Even though he knew she could never be half as interested as he was, José beamed with pleasure and took a deep breath. Anna leaned back on the counter and prepared herself to listen.
The falcon cruised through the near dark of the valley. The ground below and to either side of her could still be divided into recognisable features – here an outcrop, here the narrow line of the river and the sparse vegetation along its banks. The shapes of the mountains with their wayward lines and crude curves were plain against a sky still faintly tinged by the sun.

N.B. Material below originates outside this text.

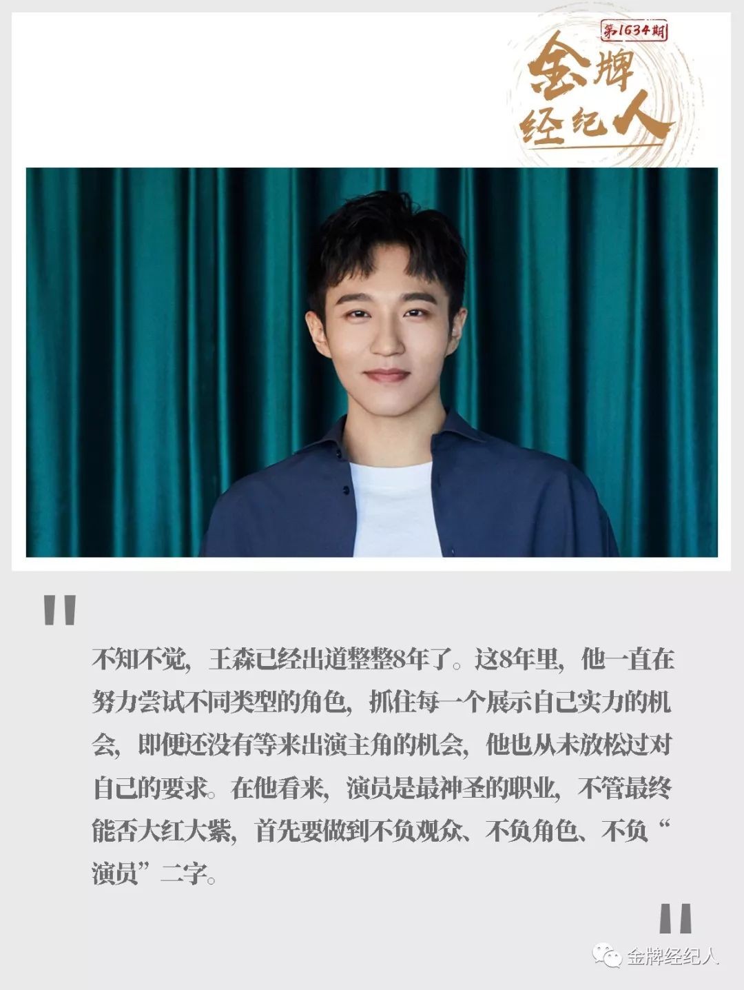 不知不觉,王森已经出道整整8年了。这8年里,他一直在努力尝试不同类型的角色,抓住每一个展示自己实力的机会,即便还没有等来出演主角的机会,他也从未放松过对自己的要求。在他看来,演员是最神圣的职业,不管最终能否大红大紫,首先要做到不负观众、不负角色、不负“演员”二字。

As the falcon banked and turned across towards the centre of the valley a car’s headlights briefly lit up her belly.
Momentarily dazzled, the falcon flew more slowly, drifting low and carefully over the valley’s flat plain. Once or twice she cocked her head at a sound of rustling coming up from the dark ground, but she didn’t swerve from her course.
A second later, in a rush of feathers, she set uncertain feet down on a sloped surface still warm from the blaze of the Argentine spring. It was the apex of a roof where the flies still fizzed around in the milky air. The flacon snapped at one of the bigger ones that came too close.
Beneath her, the hut was still empty and sand was piling up in drifts inside the open door as though the valley had become a liquid whose volume made it seep into everything. The tyre tracks had already disappeared in the winds.
After a while, and some precisely directed preening, the falcon took a few more steps along the spine of the roof. The heat trapped in the nails sticking up every few centimetres made her uncomfortable. Now that her eyes were used to the light again, she was ready to be off.
She stretched her wings, invading the mountains’ silhouettes for an instant, and then there was just the rapidly vanishing sound of feathers against the air.